In this case we have retrieved the QueryResponse in order to report how many documents were matched by the query.
// All documents and facets must be processed before the // QueryResponse becomes available. // getQueryRespone() is required to clean up resources. QueryResponse queryResponse = sResponse.getQueryResponse(); System.out.println(""); System.out.println("Total documents matched: " + queryResponse.getDocuments().getNumberFound()); sResponse.close();
Catch Exceptions
We have to include some error-catching boilerplate at the end. This independent Java application might have to handle an AttivioException generated by the Java Client library. Note that this application is not a part of AIE, however, and therefore should not throw an AttivioException.
} catch (AttivioException e) { System.err.println("Category: " + e.getErrorCode().getCategory()); System.err.println("Code: " + e.getErrorCode().getCode()); e.printStackTrace(); }
Finally Close the Stream
It is essential that the application explicitly close the query stream. Otherwise resources will be allocated but never freed.
} finally { // Close the stream to clean up resources sResponse.close(); } } }
Compile the Class
To compile StreamQueryTest in Designer, select the project in the Project Explorer. Click the Project menu, and select Clean. Then select Project > Build Project.
Run the Program
To run SearchQueryTest from Designer, we'll have to create a Run Configuration for it.
- In Designer, navigate from the Run menu to Run Configurations. This opens the Run Configurations dialog box.
- Right-click Java Applications and select New.
- Create a new StreamQueryTest run application in project plusjava.
On the Arguments Tab, paste in the following program arguments. (The query workflow is "search". Locate all documents that mention "London".)
search London
On the Arguments Tab, paste in the following VM arguments. (Edit the file path to suit your situation.)
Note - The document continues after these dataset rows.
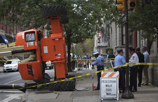 美国费城发生起重机翻车 驾驶舱撞破大楼(3)
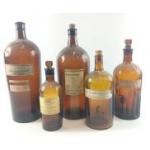 Five vintage brown APOTHECARY large bottles to include with POISON in raised letters on the glass first bottle (30cm) labelled TINCT CHLOROFORMI ET MORPH. PB 1885 (label on back of bottle dated 1947), bottle 2 (26cm), with partial label LIQ. PLUMBI SUBACET. ... third bottle (38cm) from Stockton on Tees labelled LIN. ACONITE. OLEAS... For External Use Only, fourth bottle (35cm) from Leeds labelled FERROTONE A Pleasing Palatable Tonic..., fifth bottle 16oz. from Runcorn EVANS Colloidal Solution IODINE
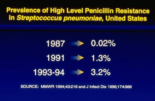 This image was produced, by the Centers for Disease Control and Prevention (CDC) in 1997, It lists the percentages of penicillin resistant S. pneumoniae infections, during 1987, 1991, and 1993-94, based on data collected by both the Morbidity and Mortality Weekly Report (MMWR), The Journal of Infectious Diseases. Note how over this 8-year period, there was a steady increase in the occurrence of high level penicillin resistance. public domain
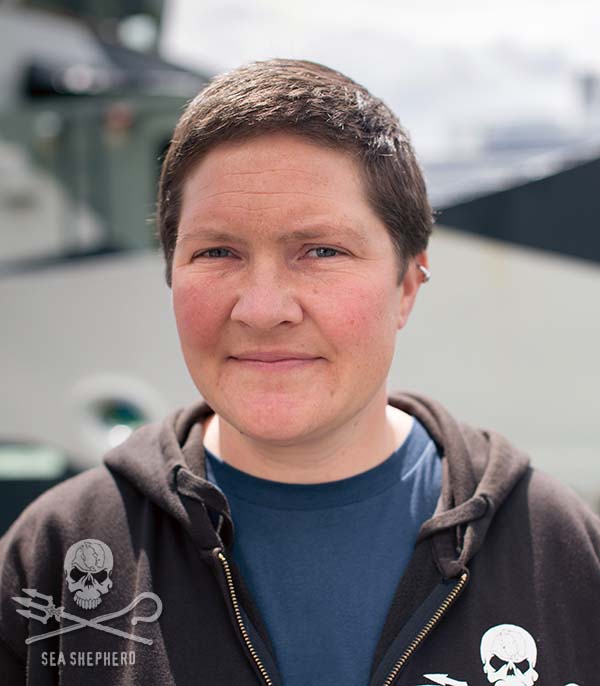 Scientist and Medical Officer, Colette Harmsen, on board the Sam Simon.

-Dattivio.log.printStackTraces=true -Dattivio.log.level=INFO -Dattivio.log.directory="C:\attivio-projects\plusjava\build\logs"
- Apply the changes. Close the dialog box.
Example Search Run
AIE must be running!
It should go without saying that the AIE server should be up and running before you attempt to run SearchQueryTest.
To run the application, use the Designer Run menu. Select the Run command.
The parameters are the search workflow and the keyword "London". If the target AIE project is a FactBook demo with the city feed loaded, our query should return multiple cities. This is one of them:
document ID: city-CITY-Canada-London-Ontario .score: 0.0 .id: city-CITY-Canada-London-Ontario .zone: default title: London teaser: Ontario language: English languages: English size: 303165 table: city date: Mon Jan 11 19:43:52 PST 2016 text: Ontario position: -81.2462,42.9869 latitude: 42.986895 longitude: -81.246214 sourcepath: C:\attivio51\conf\factbook\content\cities.csv filename: cities.csv country: Canada sentiment: neg sentiment.score: 0.6017876 security.read: anonymous:anonymous
Following the document output comes the facet output:
Facet: language English 3 Facet: country Canada 1 South Africa 1 United Kingdom 1 Facet: sentiment neg 1 pos 2 Total documents matched: 3
Here we see the facet buckets grouped by facet, with their counts. Finally, there is the document count from the QueryResponse object.